Manuel Jabois ha elegido mirar la vida desde los ojos de una infancia
que se convierte en adolescencia. Un límite físico y emocional en
el que somos duda y temor, descubrimiento y apariencia, en
definitiva, seres que crecen y se encuentran con la intuición de un
nuevo horizonte del que nadie nos ha dicho nunca nada y en el que
todo nos toca decirlo a nosotros.
‘Malaherba’
(Alfaguara) es una novela que evidencia la capacidad de Manuel Jabois
para hacer de su prosa vibrante y tensa el punto de ignición para
que el lector se adentre en una historia de emociones compartidas, de
recuerdos de unos instantes en los que todo significa plenitud y
vida. Porque vida es lo que nos narra el autor. El valor de un
instante en el que todo se concentra en él. Sin pasado, en la
infancia carecemos de él, y con todo un futuro por escribir. En el
colegio de Campolongo, esa aula repleta de niños y niñas, podría
ser cualquiera de las aulas en las que todos pasamos tantas horas, en
las que afianzamos amistades y traiciones, donde descubrimos y nos
descubrimos, donde nos humillaron y donde humillamos y donde
empezamos a lanzar los dados sobre el tablero de la vida.
La mirada sin calibrar
del que se adentra en la adolescencia es la que emplea Manuel Jabois
para traducir el mundo, ese mundo adolescente desde el que también
doblar la esquina del universo de los adultos. Niños que nos ven
como extraterrestres a los que les suceden situaciones que no podemos
entender en ese momento y que sólo el tiempo puede llegar a ordenar.

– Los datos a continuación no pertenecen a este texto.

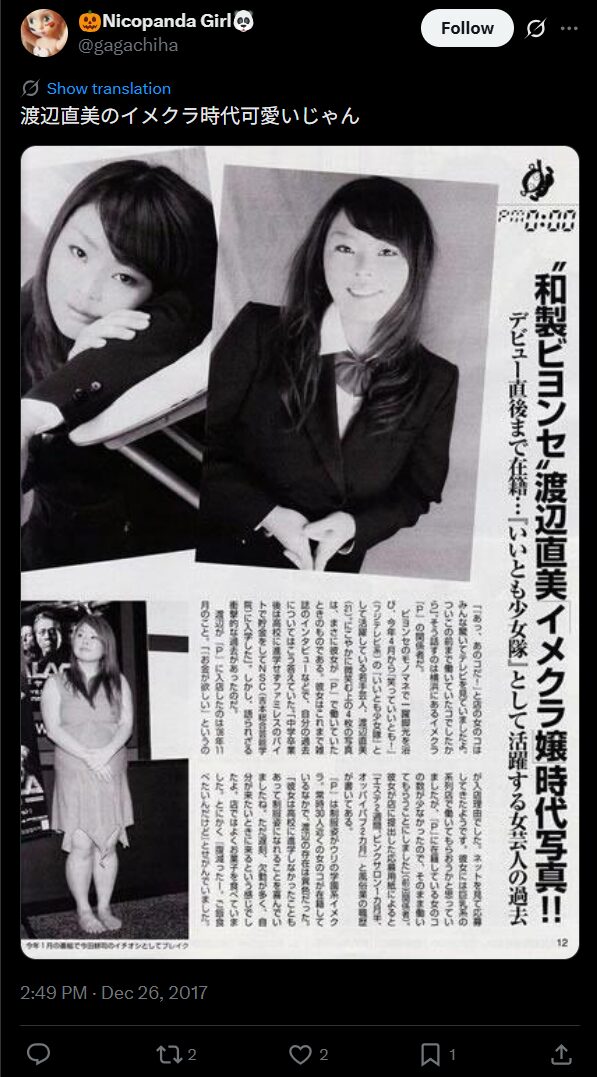 渡辺さんは風俗で働いていた経験があり、吉本興業の養成所の学費を貯めていたのだそう。イメクラで働いていたそうで、当時の写真も出回っており「可愛い」「痩せている」と驚きの声が上がりました。風俗勤務がバレても、芸能界での人気に影響はなかったようです。

Un caos en el cual todos nos hemos visto envueltos sin explicaciones
de esos hechos que nos rozaban en mayor o menor medida. Los fracasos
de los nuestros se traducían en consecuencias que hacían del hogar
un ámbito expiatorio, tantas veces asfixiante, pero que tenía en el
exterior su cara b. Allí, los amigos, los primeros amores, los
adultos que sin esa pátina familiar nos rodeaban, y los escenarios
urbanos, generaban una madeja en la que movernos y en la que casi
siempre acabar enredados.
Sin miedo al lenguaje,
haciendo de su propio universo interior tintero, Manuel Jabois nos
coloca ante un espejo generacional en el que muchos nos vemos
reflejados, obligándonos a repasar toda una geografía sentimental a
la que no siempre es fácil volver. Tambu, Rebe, Claudia o Elvis, y
el regimiento de compañeros con sus apodos (que es de un niño sin
su mote escolar), son parte de nuestra infancia y el autor acomete un
extraordinario esfuerzo para ofrecernos ese fresco entre el humor y
lo trágico, entre la mirada limpia del que nace y la acechante
oscuridad en la que el temor a lo desconocido nos ha envuelto no
pocas veces.
Como aquellos niños de
‘Matar a un ruiseñor’ o de ‘La noche del cazador’ las
criaturas de las que escribe Manuel Jabois son seres entre sombras.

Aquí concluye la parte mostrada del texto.